I need to get the length of csv files in ('/dir'/) excluding empty rows. I tried this:

import os, csv, itertools, glob

#To filer the empty lines
def filterfalse(predicate, iterable):
    # filterfalse(lambda x: x%2, range(10)) --> 0 2 4 6 8
    if predicate is None:
        predicate = bool
    for x in iterable:
        if not predicate(x):
            yield x

#To read each file in '/dir/', compute the length and write the output 'count.csv'
with open('count.csv', 'w') as out:
     file_list = glob.glob('/dir/*')
     for file_name in file_list:
         with open(file_name, 'r') as f:
              filt_f1 = filterfalse(lambda line: line.startswith('\n'), f)
              count = sum(1 for line in f if (filt_f1))
              out.write('{c} {f}\n'.format(c = count, f = file_name))

I get the output I'd like, but unfortunately the length of each file (in '/dir/') includes empty rows.

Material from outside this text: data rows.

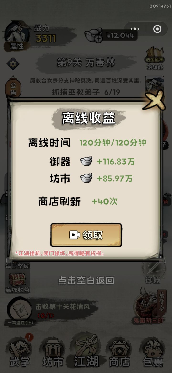 离线奖励只能广告领取,而且最多就俩小时,这广告我都懒得看。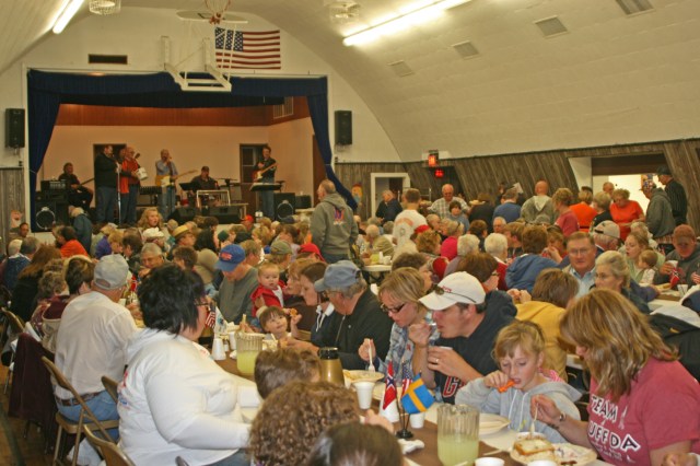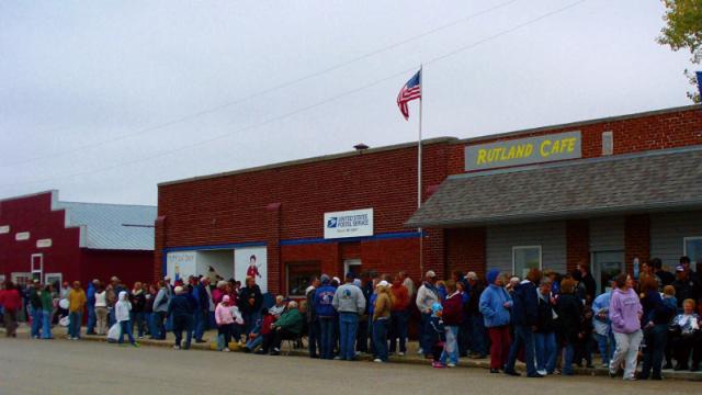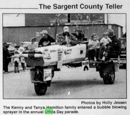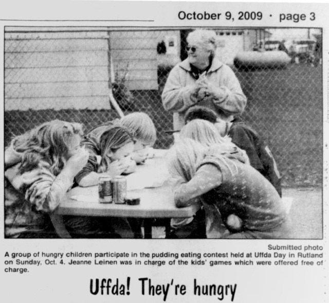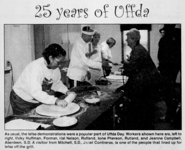 Lefse, live music, scalloped potatoes, rommegrot, rice pudding, sandbakkels, krumkake, rosettes, Uffda tacos and other goods were all available at the Rutland Town Hall, Senior Center, the American Legion Hall and the Rutland Fire Hall. By the time the American Legion Color Guard, Bergman-Evenson Post #215, led the Uffda Day parade down the main street at 1 p.m., another large crowd, estimated to be more than 3,000 , was on hand for the fun. Lowell Wyum had set up his PA system at the corner of First and Arthur Streets to announce the parade entries as they passed by.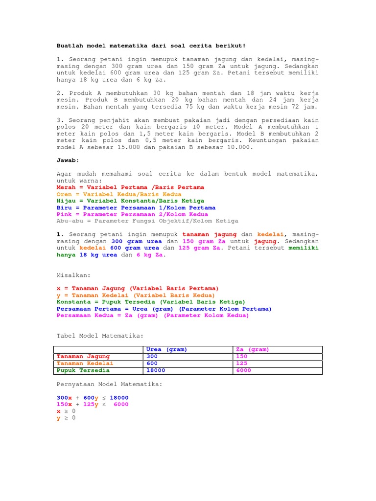 Contoh Soal Program Linear Dan Jawabannya Brainly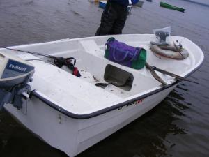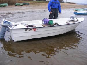 Pływam zwykle w 2 osoby, czasem 3. Do łódki planuję podwiesić zasłużony silnik Johnson 9,9 2T, na krótkiej stopie. Zasada - bezpieczna, funkcjonalna łódka, w której dwie osoby spokojnie zmieszczą graty, wędki, podbieraki i inne rzeczy.

To see where empty rows are coming from I read file.csv as file.txt and it looks like this:

*text,favorited,favoriteCount,...
"Retweeted user (@user):...
'empty row'
Do Operators...*
martineau
  • 119,623
  • 25
  • 170
  • 301

2 Answers2

1

I would recommend using pandas.

import pandas

# Reads csv file and converts it to pandas dataframe.
df = pandas.read_csv('myfile.csv')

# Removes rows where data is missing.
df.dropna(inplace=True)

# Gets length of dataframe and displays it.
df_length = df.count + 1
print('The length of the CSV file is', df_length)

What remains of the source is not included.